= Beginning of Section =

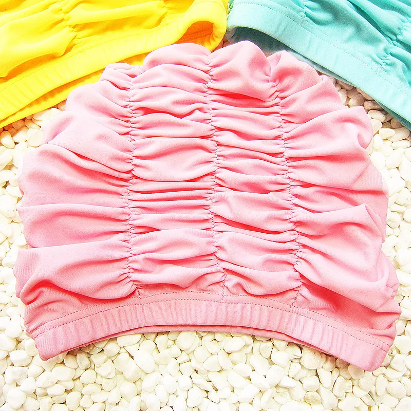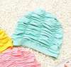 Cute Solid Girls Swimming Cap Waterproof Swimming Cap Long Hair Baby Girls Swim Pool Caps Ear Protection Pink Hat Kids Swimwear
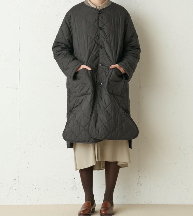 mizuiro ind リブカラーキルティングロングコート 3-270006
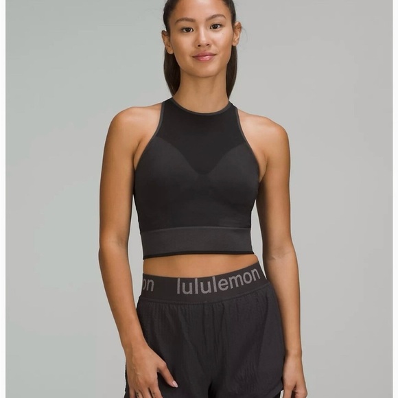 Elevate your training wardrobe with this sleek and supportive Lululemon seamless mesh training tank. Designed with a high neck and racerback for a streamlined fit, this tank features a built-in bra for medium support, breathable mesh paneling, and four-way stretch for total comfort.
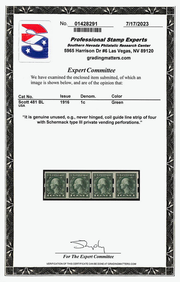 5262 nh 481 image1916, 1¢ green, unwatermarked, imperf. (Scott 481), guide line strip of 4, Schermack Type III private vending perfs, o.g., never hinged, Fine to Very Fine, with 2023 P.S.E. certificate.
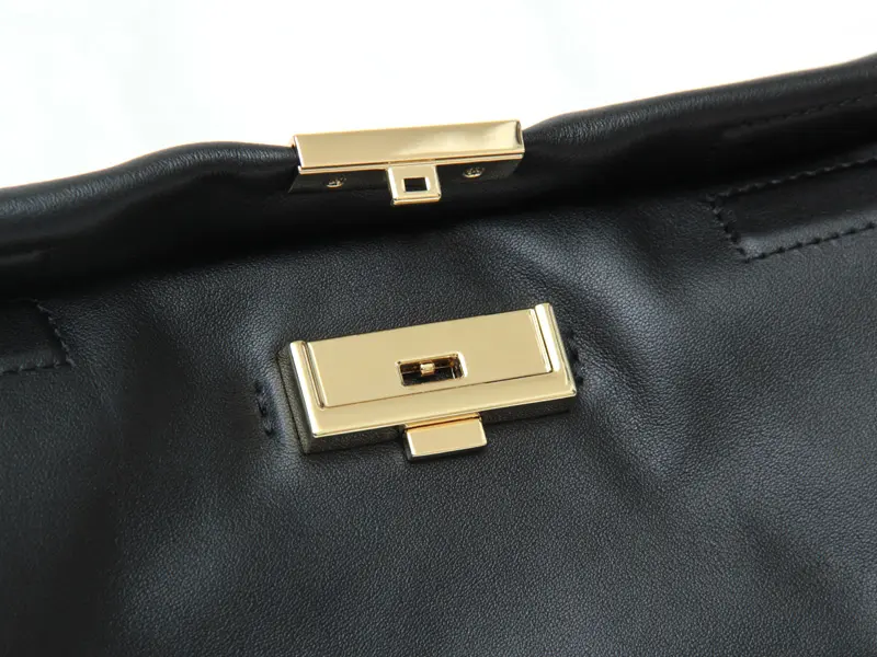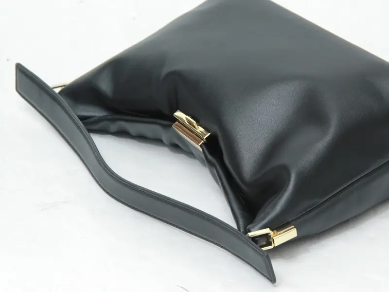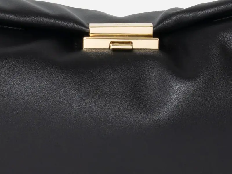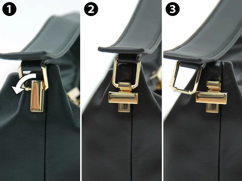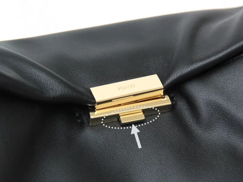 矢印方向に押すと金具が開く仕様です。ワンタッチで開閉しやすい口元のオリジナル金具が、上品で洗練された印象を添えます。

= End of Section =

Task goal — The answer consists solely of the lines from the one holding "5262 nh 481" through the last line of the entries above, set down verbatim, without any pictures.

Task output —
 5262 nh 481 image1916, 1¢ green, unwatermarked, imperf. (Scott 481), guide line strip of 4, Schermack Type III private vending perfs, o.g., never hinged, Fine to Very Fine, with 2023 P.S.E. certificate.
 矢印方向に押すと金具が開く仕様です。ワンタッチで開閉しやすい口元のオリジナル金具が、上品で洗練された印象を添えます。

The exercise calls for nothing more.